__Work to complete__
Could you transcribe every record below exactly as written, leaving out any pictures?

--- Data for processing ---

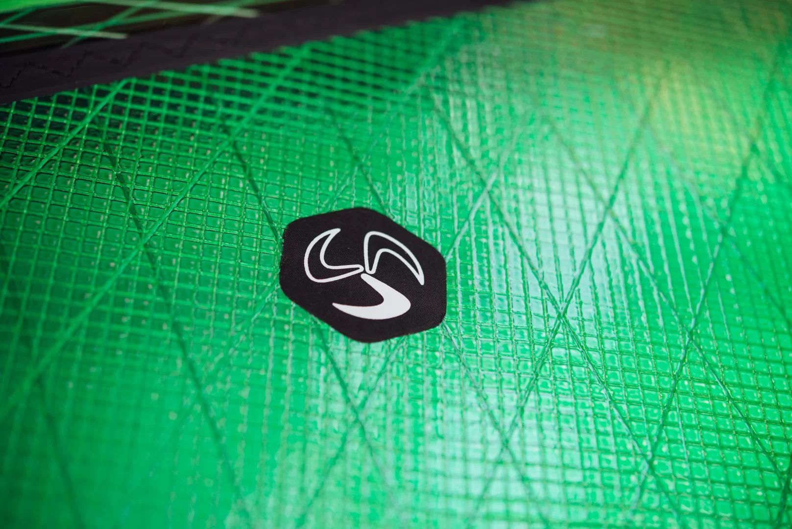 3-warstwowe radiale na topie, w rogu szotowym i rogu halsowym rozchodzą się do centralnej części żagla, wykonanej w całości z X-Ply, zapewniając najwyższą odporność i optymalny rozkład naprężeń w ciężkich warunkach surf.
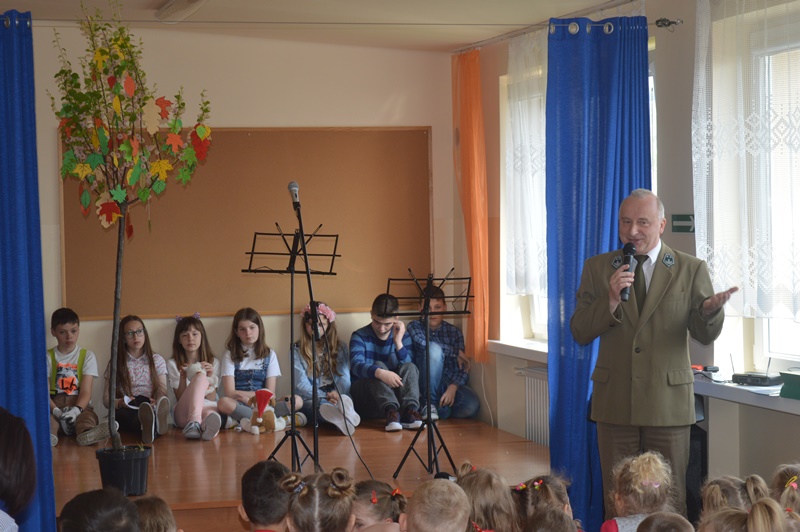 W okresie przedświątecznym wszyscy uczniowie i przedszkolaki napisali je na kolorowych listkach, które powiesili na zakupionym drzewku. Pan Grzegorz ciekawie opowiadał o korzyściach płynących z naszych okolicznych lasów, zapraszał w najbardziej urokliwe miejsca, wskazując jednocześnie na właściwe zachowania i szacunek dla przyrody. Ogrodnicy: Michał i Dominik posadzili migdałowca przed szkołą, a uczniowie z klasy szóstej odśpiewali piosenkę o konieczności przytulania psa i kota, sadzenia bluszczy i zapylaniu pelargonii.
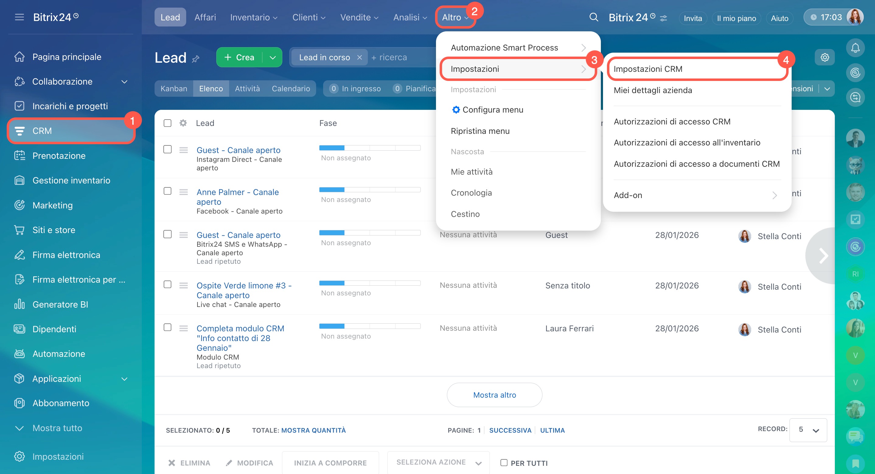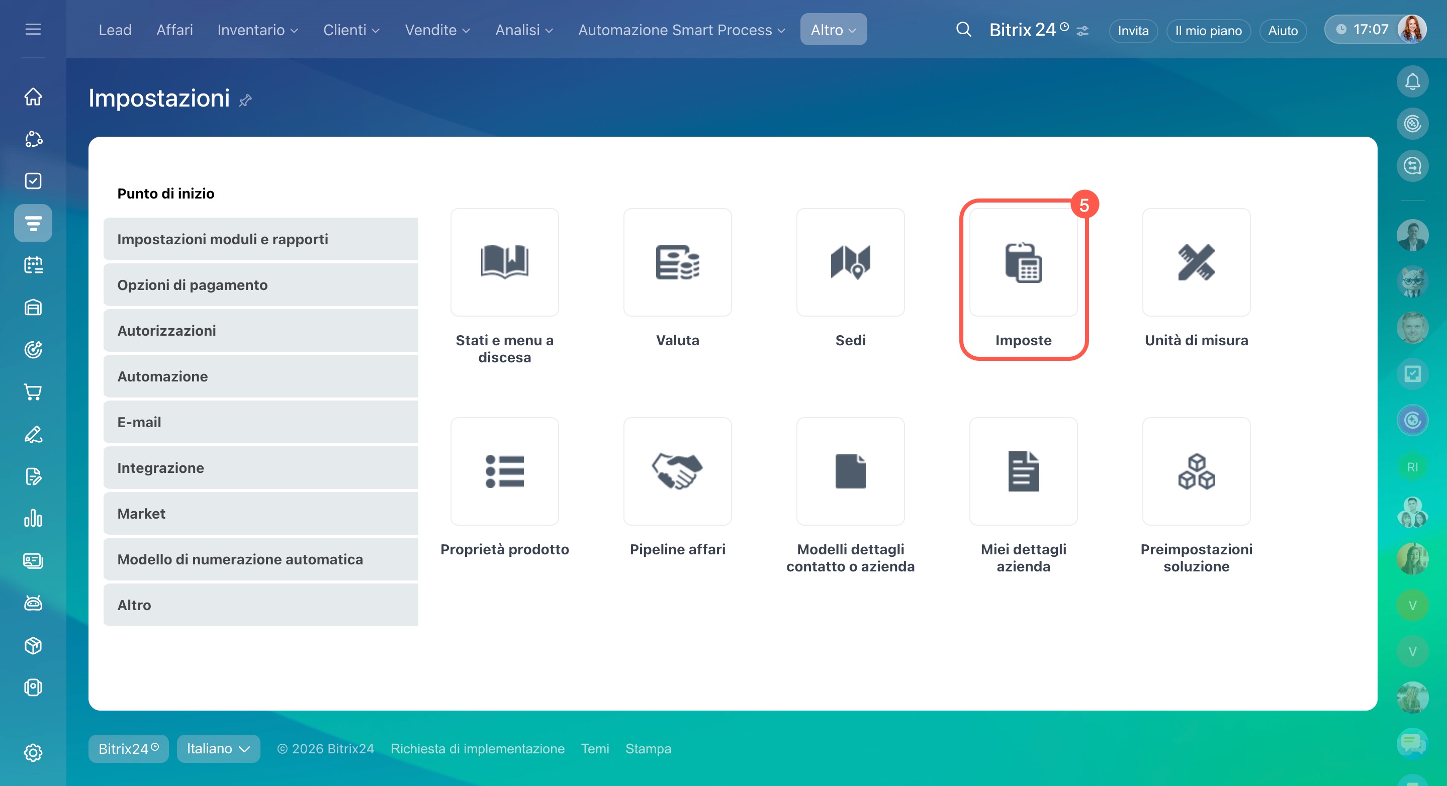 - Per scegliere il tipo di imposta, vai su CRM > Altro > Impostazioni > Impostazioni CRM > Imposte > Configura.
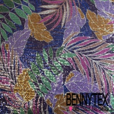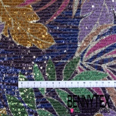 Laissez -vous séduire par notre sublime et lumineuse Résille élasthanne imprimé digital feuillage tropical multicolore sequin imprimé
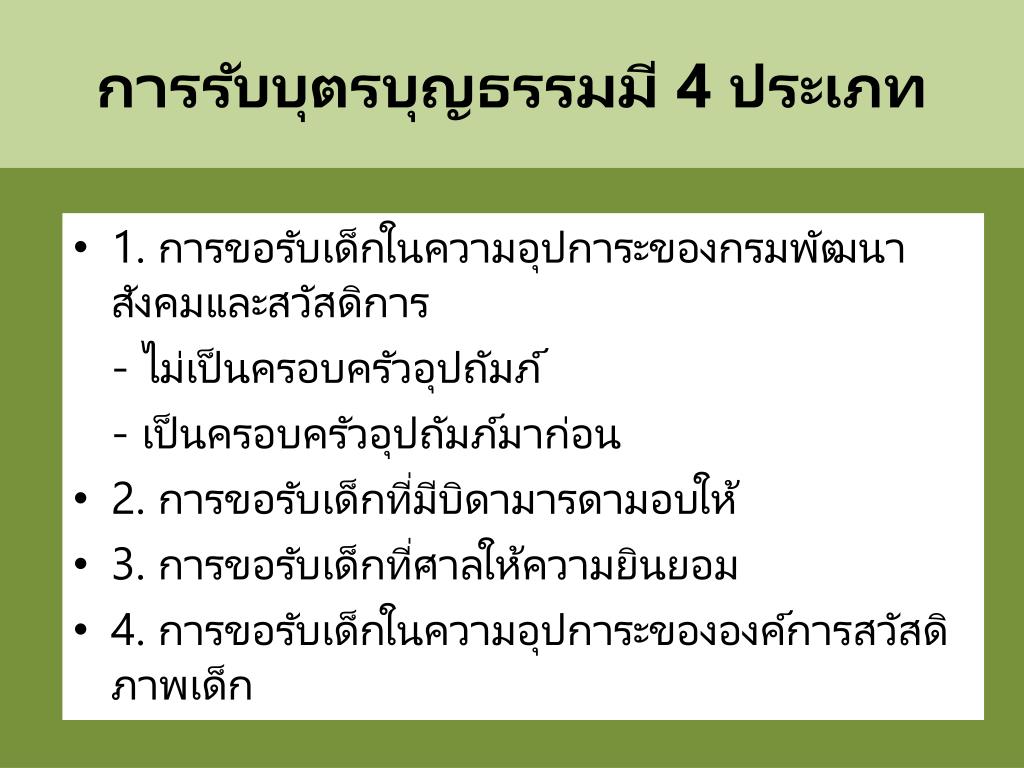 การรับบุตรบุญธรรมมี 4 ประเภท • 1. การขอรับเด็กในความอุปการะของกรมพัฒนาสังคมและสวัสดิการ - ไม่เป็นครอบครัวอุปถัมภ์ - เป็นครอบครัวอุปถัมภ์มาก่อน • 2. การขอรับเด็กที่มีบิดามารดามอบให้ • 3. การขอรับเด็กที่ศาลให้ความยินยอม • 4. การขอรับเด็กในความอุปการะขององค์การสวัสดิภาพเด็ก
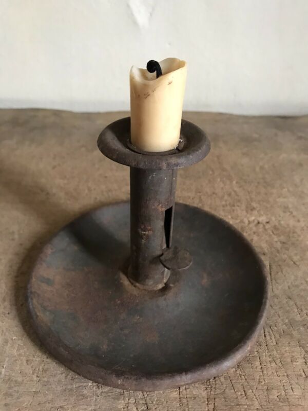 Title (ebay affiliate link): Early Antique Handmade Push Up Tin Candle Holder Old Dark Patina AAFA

---

__Result of the task__
 3-warstwowe radiale na topie, w rogu szotowym i rogu halsowym rozchodzą się do centralnej części żagla, wykonanej w całości z X-Ply, zapewniając najwyższą odporność i optymalny rozkład naprężeń w ciężkich warunkach surf.
 W okresie przedświątecznym wszyscy uczniowie i przedszkolaki napisali je na kolorowych listkach, które powiesili na zakupionym drzewku. Pan Grzegorz ciekawie opowiadał o korzyściach płynących z naszych okolicznych lasów, zapraszał w najbardziej urokliwe miejsca, wskazując jednocześnie na właściwe zachowania i szacunek dla przyrody. Ogrodnicy: Michał i Dominik posadzili migdałowca przed szkołą, a uczniowie z klasy szóstej odśpiewali piosenkę o konieczności przytulania psa i kota, sadzenia bluszczy i zapylaniu pelargonii.
 - Per scegliere il tipo di imposta, vai su CRM > Altro > Impostazioni > Impostazioni CRM > Imposte > Configura.
 Laissez -vous séduire par notre sublime et lumineuse Résille élasthanne imprimé digital feuillage tropical multicolore sequin imprimé
 การรับบุตรบุญธรรมมี 4 ประเภท • 1. การขอรับเด็กในความอุปการะของกรมพัฒนาสังคมและสวัสดิการ - ไม่เป็นครอบครัวอุปถัมภ์ - เป็นครอบครัวอุปถัมภ์มาก่อน • 2. การขอรับเด็กที่มีบิดามารดามอบให้ • 3. การขอรับเด็กที่ศาลให้ความยินยอม • 4. การขอรับเด็กในความอุปการะขององค์การสวัสดิภาพเด็ก
 Title (ebay affiliate link): Early Antique Handmade Push Up Tin Candle Holder Old Dark Patina AAFA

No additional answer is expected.